Anna’s Hummingbird

On our walk yesterday, Barley and I encountered a birder in the neighborhood. We could tell because of the spotting scope, so we decided to strike up a conversation using the scope as kindling. It turns out that he, and a number of people in my neighborhood are birders, but he’s got the great fortune of having a hummingbird nest in his front yard. He offered us a look, and enlightened us to the family.

The birds were Anna’s hummingbirds and the nest was barely visible in the spotting scope and virtually invisible to the naked eye despite being only 20 feet from it. We were also informed that Anna’s have been moving northward in the last decade and now winter in the Portland area, which I’d noticed from the pair at Gabriel park near the off leash area and the chirping on our morning walks. I think that my being able to describe what they sounded like was enough to convince my neighbor I wasn’t just some yokel so he regaled me some more.

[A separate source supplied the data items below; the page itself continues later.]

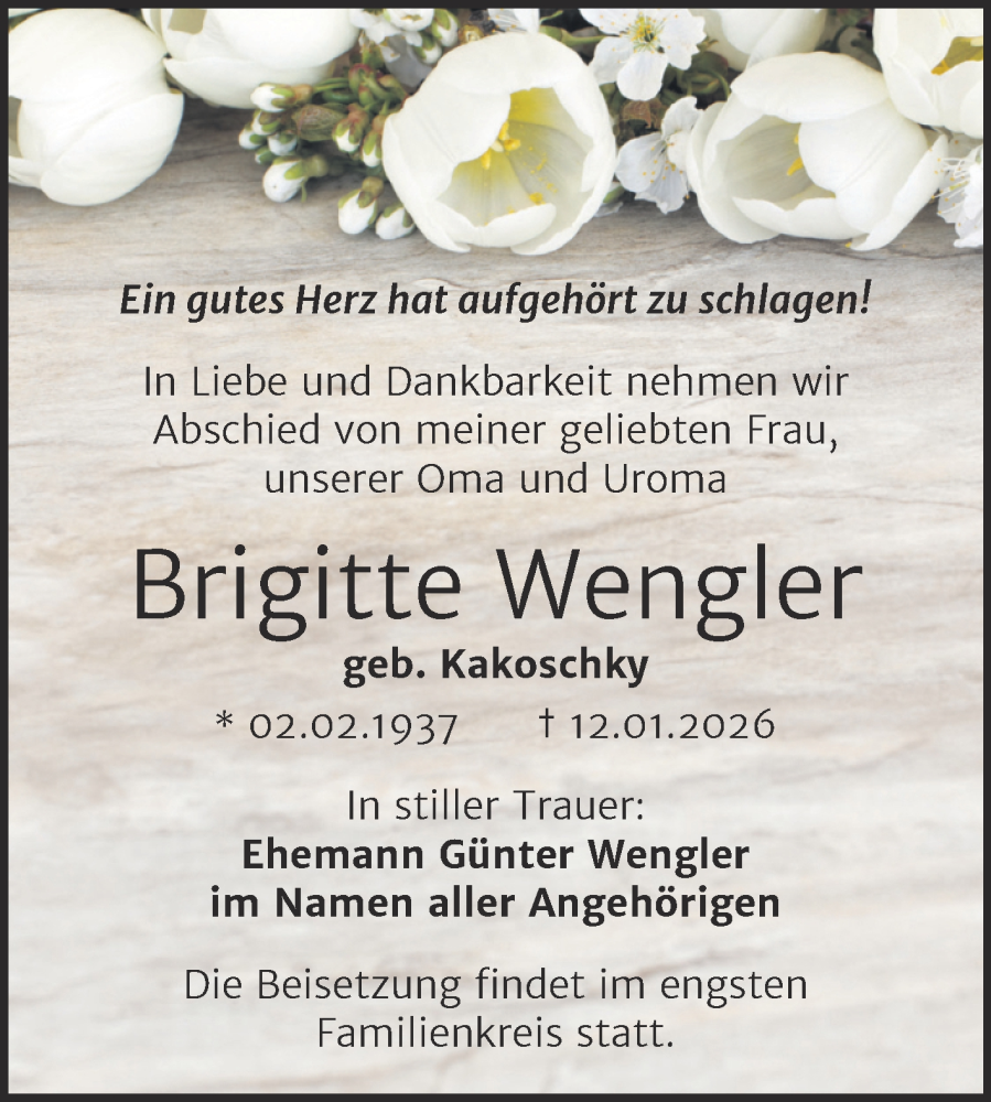 Hier finden Sie alle Traueranzeigen aus der Zeitung, die bisher für Brigitte Wengler erschienen sind. Weitere Traueranzeigen, die in der Zeitung erscheinen, werden hier ebenfalls aufgelistet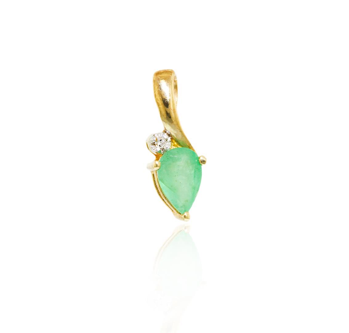 One 10KT Yellow Gold 0.35ct Emerald and Diamond Pendant. Total Weight of item is 10KT Yellow Gold is 0.5 grams.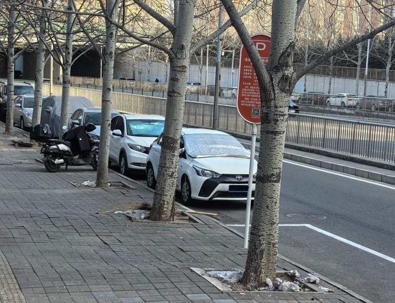 违停车辆故意避开路侧停车位。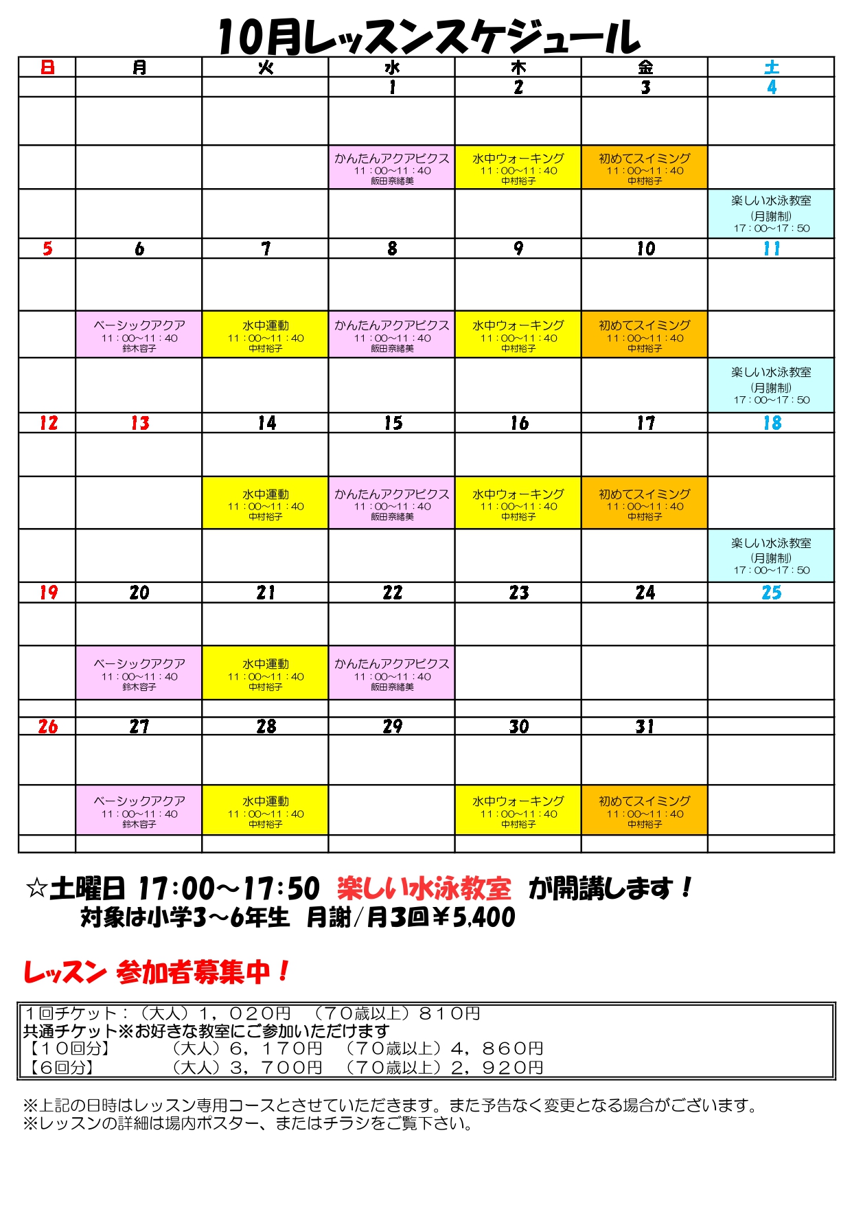 Home > お知らせ > 可美公園水泳場レッスンのご案内(10月)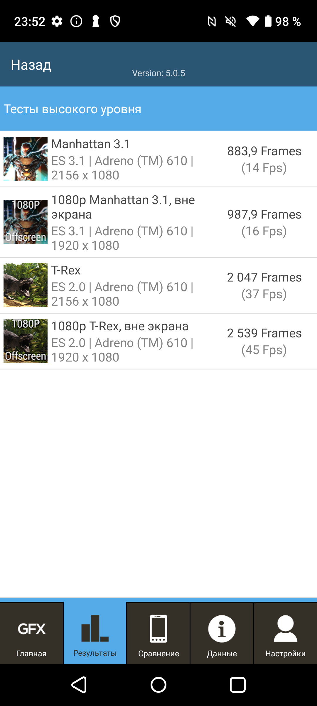Все результаты, полученные нами при тестировании смартфона в самых свежих версиях популярных бенчмарков, мы для удобства свели в таблицы. В таблицу обычно добавляется несколько других аппаратов из различных сегментов, также протестированных на аналогичных последних версиях бенчмарков (это делается лишь для наглядной оценки полученных сухих цифр). К сожалению, в рамках одного сравнения нельзя представить результаты из разных версий бенчмарков, поэтому «за кадром» остаются многие достойные и актуальные модели — по причине того, что они в свое время проходили «полосу препятствий» на предыдущих версиях тестовых программ.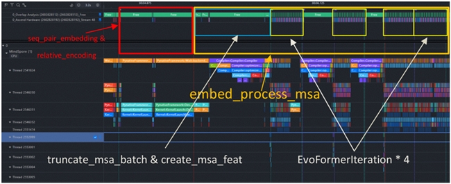 MindSpore 支持用戶使用 Profiler 類對模型的性能進行采集,所獲得的 Profiling 數據記錄了詳細的算子時間線,也包括了算子的顯存占用信息。Profiling 數據可以通過 MindInsight 工具進行可視化分析,可以查看詳細的算子時間線,以及流之間的調用關系。我們可以精確計算出每個模塊的位置及其耗時,并據此來確定這些模塊是否需要進一步的優化。例如,下圖展示了我們對推理過程中 PairFormer 模塊的定位與拆解,為后續的時間、內存的分析提供了框架與引導:
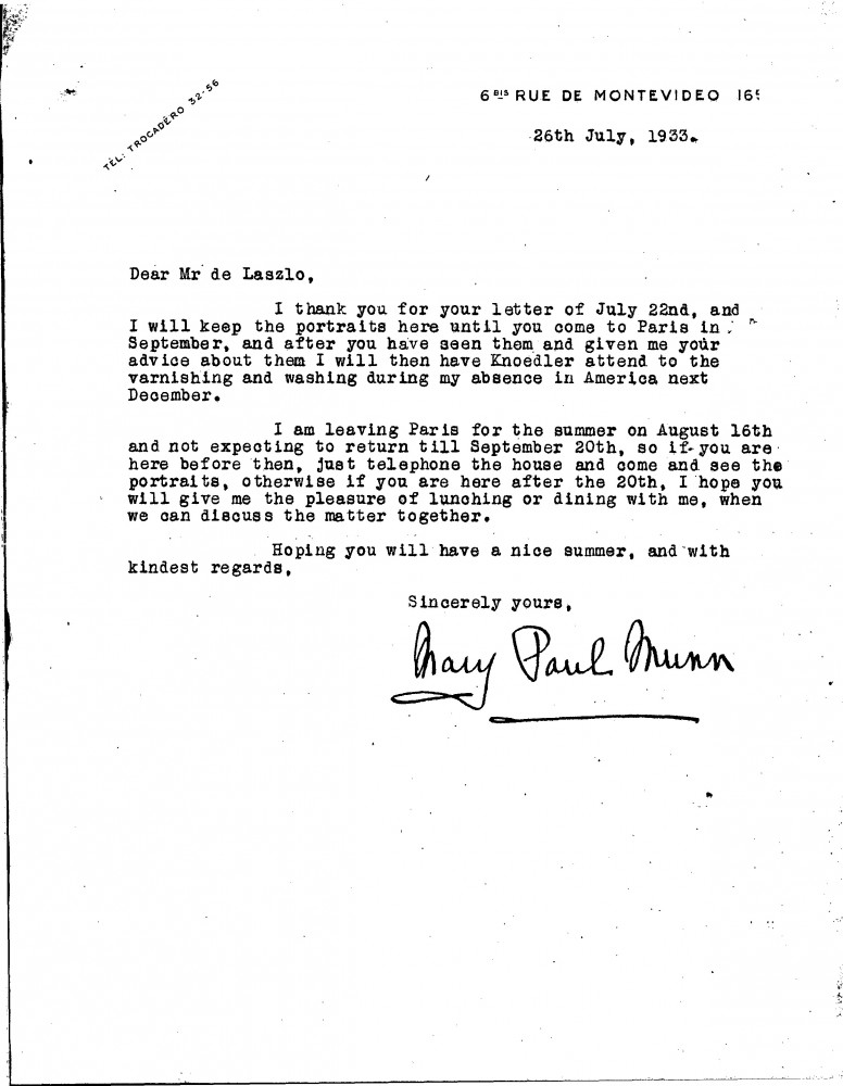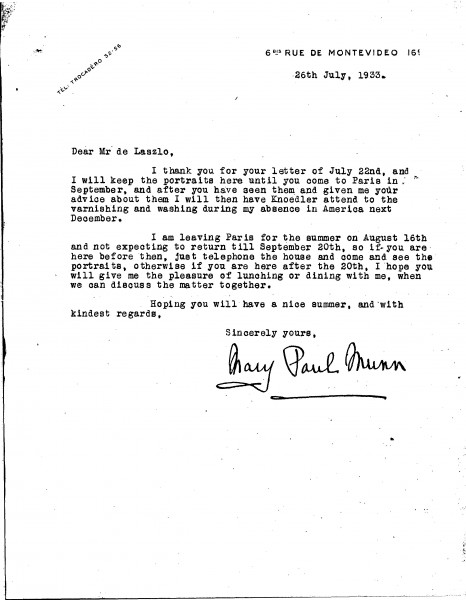 Concerning arrangements for de László to assess the portraits [8882][8976] in Paris in September prior to their cleaning and varnishing by Knoedlers.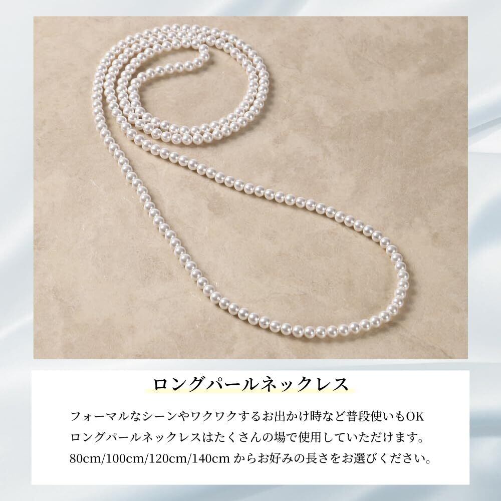 フォーマルなシーンやわくわくするお出かけ時など、普段使いもOK!ロングパールネックレスは多くのシーンでご利用いただけます。80cm、100cm、120cm、140cmからお好みの長さをお選びください。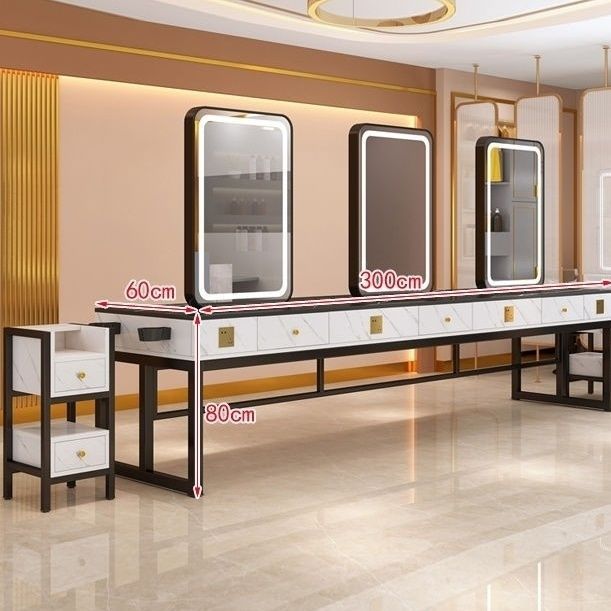 理髪店スマートミラー、理髪店ミラー、バスルームライトなし、理髪店ロングワークベンチ、ライトトレンディモデル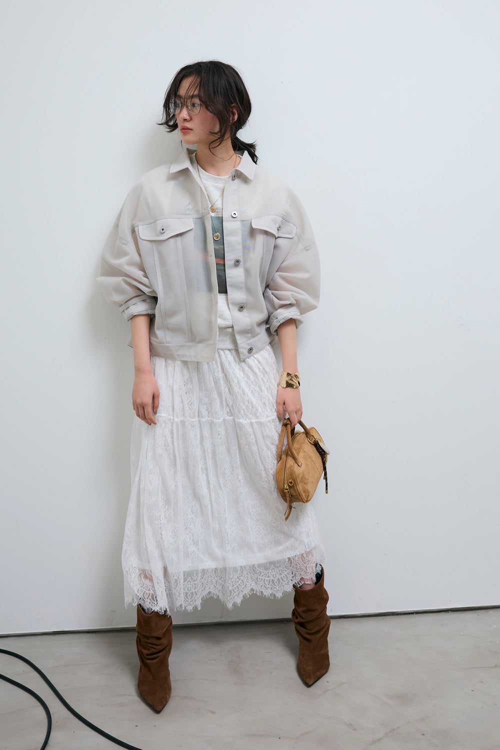 [予約/SET]シアーダンボールGジャン+レース 切替ロングスカート(2set)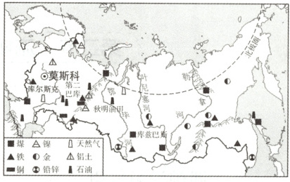 材料一 中国有西部大开发战略,而俄罗斯现在正拿出同样的劲头,开发其辽阔的东部,称为“东部开发计划”。俄罗斯不断加快的东部开发步伐也日益引起世界的关注。俄罗斯某著名经济学家曾一针见血地指出:“莫斯科不是俄罗斯。要想实现国家的经济复兴,必须实现西伯利亚和远东(即东部地区)与欧洲地区(西部地区)均衡发展。”下图为俄罗斯矿产资源分布示意图。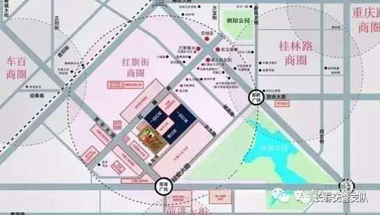 欧亚商圈红旗街、工农大路沿线;桂林路商圈同志街、桂林路一带;重庆路商圈重庆路、西安大路、光明路周边,欧亚卖场周边,南湖广场。
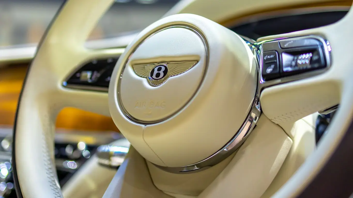 Автомобиль представлен в роскошной комплектации Mulliner, включающей широкий набор уникальных опций. Салон выполнен в элегантных тонах Linen и Imperial Blue, создавая атмосферу изысканности и комфорта. Внутренние элементы, такие как отделка черным Grand Black с накладками Mulliner и консоль с алмазной фрезеровкой, придают автомобилю эксклюзивный вид. Передние сиденья имеют вентиляцию, функцию массажа и подогрев с раздельным управлением.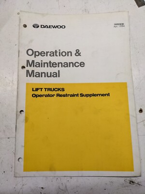 Daewoo Forklift Operation Maintenance Manual Lift Truck Operator Restraint 1994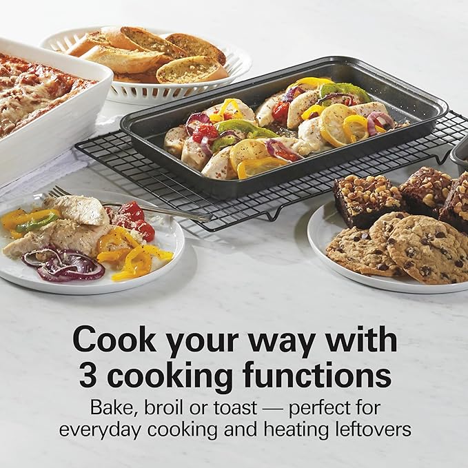 - COOK YOUR WAY WITH 3 COOKING FUNCTIONS: The countertop oven gives you the versatility to bake, broil and toast. It has temperature options ranging from 200-450°F — great for everyday tasks like heating leftovers, broiling chicken breasts and making toast.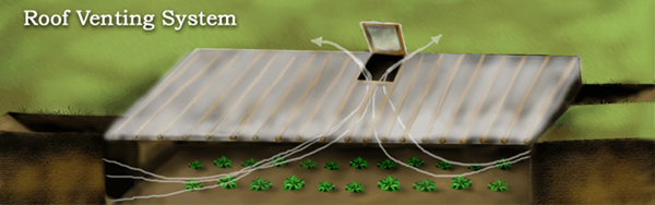 Működése: lezárjuk az üvegházunkat a tetőszerkezetünkkel, ezzel egy úgynevezett légszigetelést hozunk létre. Ennek köszönhetően ez csapdába ejti a nap melegét, ezzel megnöveli a walipini belső hőmérsékletét és a házban tartja azt.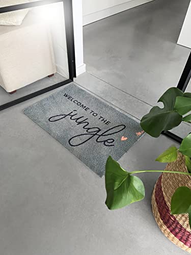 Mad about Mats Jojo - Zerbino per porta della pelle, per esterni, con scritta Welcome to The Jungle, verde scuro, antiscivolo, lavabile, robusto, 50 x 75 cm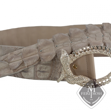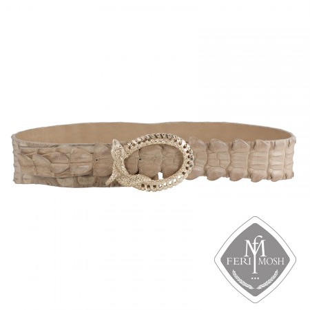 FERI MOSH- Light brown genuine alligator skin belt - Made with real alligator skin - Gold plated buckle in snake design - Made in Italy Dimension: - Varied 4.33" (11cm) width FERI MOSH - Above All!...
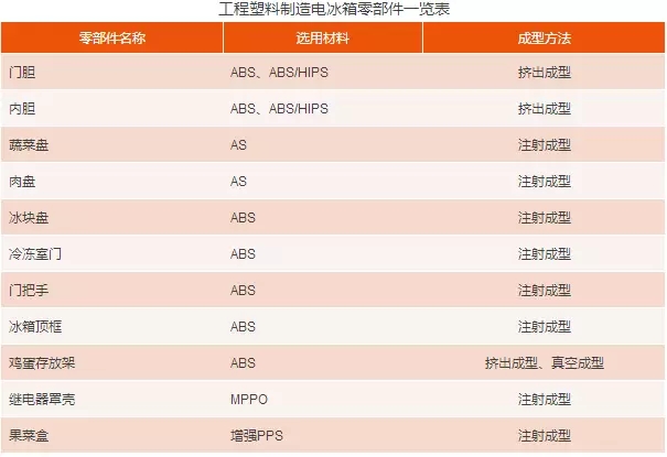 ????????目前在家電產品中,冰箱對塑料原材料的需求最大,平均每臺冰箱塑料占比高達30~50%甚至更大,其中PS、聚氨酯、ABS和PP在冰箱中占有重要比重。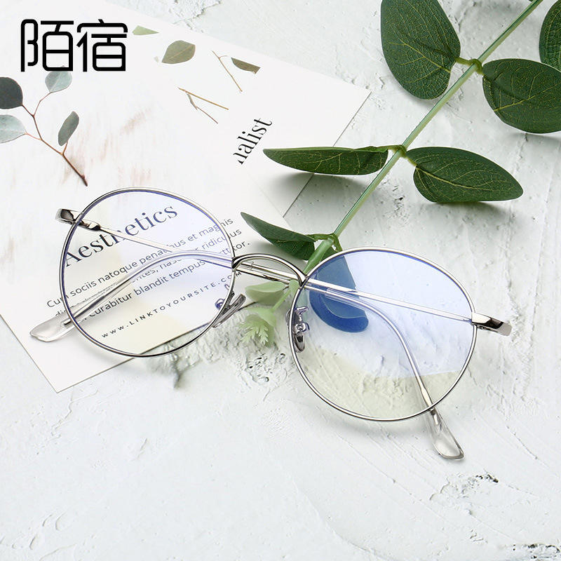 ป้องกันแสงสีฟ้า กรอบโลหะทรงกลม ทรงกลมสไตล์พังก์ แว่นตาสำหรับทุกเพศอินเทรนด์ 77507 โมชู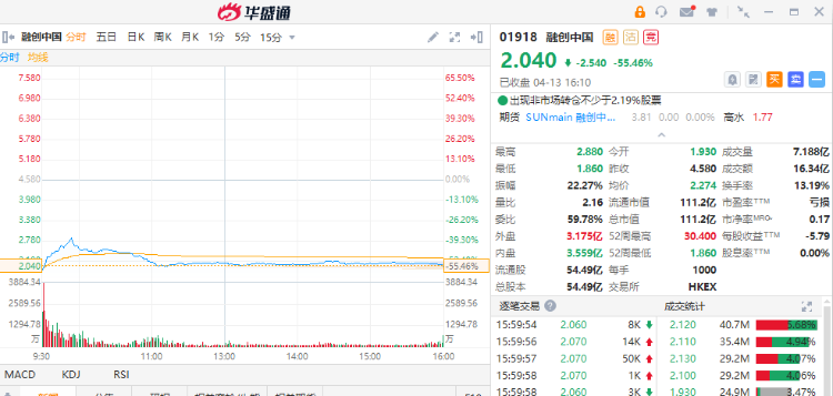 4月13日,复盘首日,融创中国盘中股价一度大跌近60%,截至收盘,融创中国跌55.46%,报2.04港元。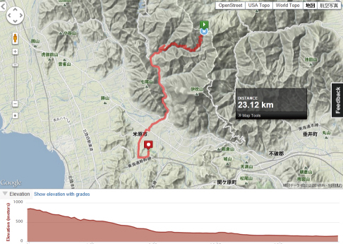 【自転車】グリーンパーク山東から23km・下り2時間/上り5時間?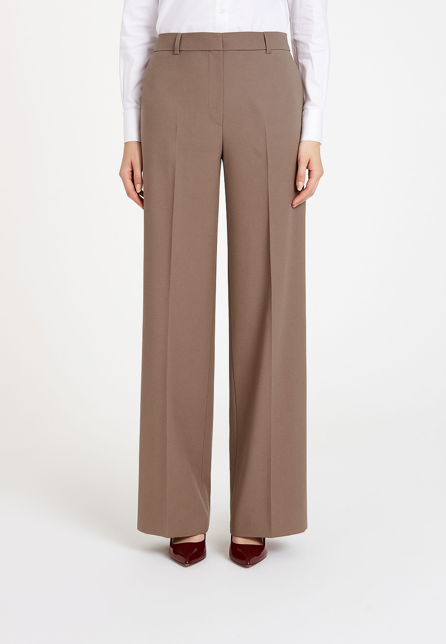 Il modello presenta una linea ampia e fluida con gamba wide leg, che dona movimento e slancia la figura.

The nest itself, tiny and indistinguisible from the tree it was hanging in, was made of lichen and cotton that the homeowner had left out near the feeders he kept stocked over the winter. Even the bleeched white fiber didn’t stand out, and the nest itself wasn’t much bigger than the pine cones it was built against. Yet the tiny little beaks sticking out of it were plain to see when the mother came back to feed them god knows what. It was quite amazing and I must get a feeder out soon.